Я повернулся спиной к Московскому вокзалу и пошел вдоль по проспекту. От его вечного шума укачивало, как от стука колес поезда. Перед глазами стояло лицо Насти, уже отделенное от меня оконным стеклом. Она умела смотреть как-то изнутри самой себя, выглядывала, как птица из гнезда, из своих глаз наружу. Меня замутило. Можно же было все обсудить!..
Я свернул на улицу Маяковского, на ней, в отличие от большинства мест в центре, росли хоть какие-то деревья. Вышел на Жуковского и нырнул в знакомый колодец: обвалившиеся куски штукатурки, зарешеченные мутные окна первых этажей, рядом с аркой на улицу — мусорный бак, около него огромная лужа с пленкой пролитого бензина.

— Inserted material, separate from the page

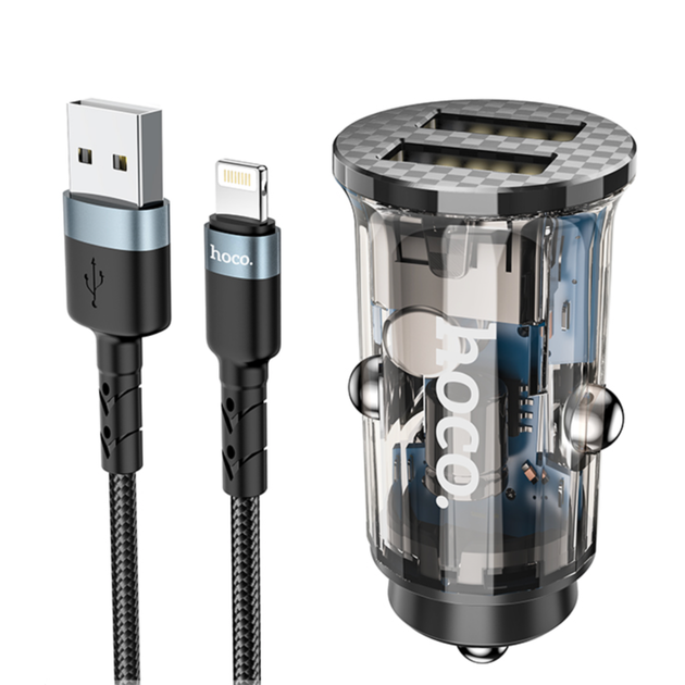 Зарядка для телефона в автомобіль Hoco із кабелем Lightning HOCO DZ3 2USB 2.4A чорний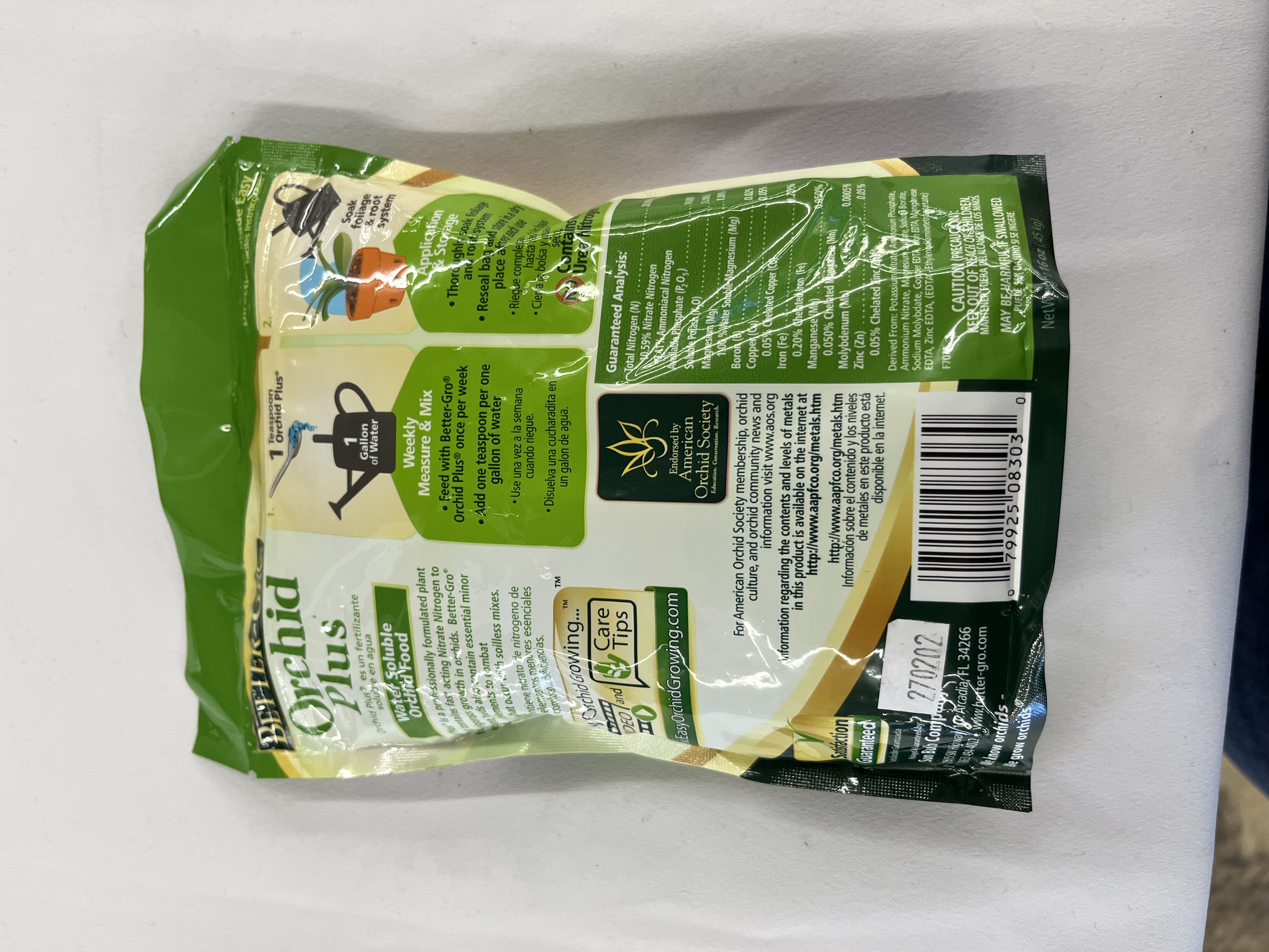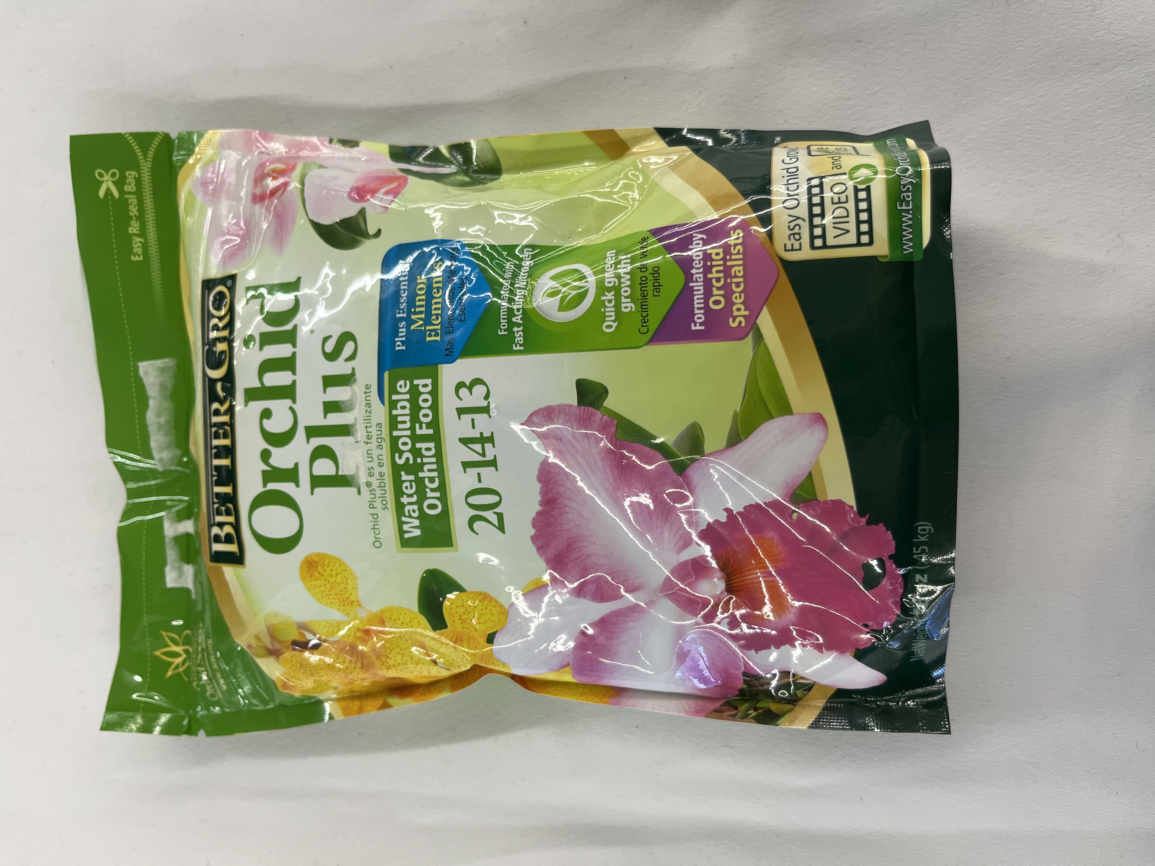 Better-Gro Orchid Plus Plant Food, 20-14-13 Fertilizer, 1 lb. Bring out the best in your indoor potted or outdoor planted orchids with the Better-Gro One-Pound Orchid Plus Plant Food. This dry fertilizer mixes with and dissolves in water for direct application to the orchid plant. The formula is urea free and nitrate nitrogen rich to promote fast results and maximize the amount of nutrients your orchids absorb. 6 cu ft.

Я глянул в серую воду — в ней отражалась крыша дома, на которой — и как я раньше не замечал — росло дерево! Я задрал голову: кривенькое и чахлое, оно то ли цеплялось за питерскую крышу, то ли пыталось с нее сброситься. Дерево-маргинал: корнями не прогрызть каменных мостовых, так оно на крыше, поближе к небу… Я представил, как деревце протягивает корни сквозь бетон и перекрытия и дотягивается до земли, навсегда врастая в дом, в землю и этот гранитный город.
Пока ты ветвями царапаешь небо, толкая свой ствол — выше, корни все глубже и неизменно в землю врастают неслышно.
Хотелось курить. Думать мог только о Насте. Вдруг налетел ветер, и деревце на крыше сильно согнулось, мне стало очень жаль его: едва ли ему удастся удержаться.
Ветер принес с собой грозовые тучи, они пролились каким-то особенным дождем, густым и мелким, больше походившим на туман: вода повисала в воздухе, укрывая все вокруг. Моя одежда отсырела, и сигарета погасла от влажности, а я так и стоял, задрав голову и глядя крышу, с которой ветер уже вырвал дерево.
И сейчас так стою.
***
Дом всегда остается домом, даже теперь, когда все вокруг стремительно меняется. Я сидела на полу в гостиной, уткнувшись в телефон: ежеминутное обновление новостной ленты стало уже чем-то вроде невроза.
— Дочка, может, хватит?
Отец сидел в кресле возле открытого окна. Раньше он любил здесь курить. Даже не верилось, что он так резко бросил: «Не хочу больше употреблять сушеные трупы растений!».
— Ты слышишь меня? — Повернулся от окна в мою сторону, и его голова на длинной шее нависла прямо над моим лицом.
— Ну что еще?
— Ты испортишь и нервы, и зрение, нельзя же так постоянно. — Отец говорил обеспокоенно, но мне было все равно.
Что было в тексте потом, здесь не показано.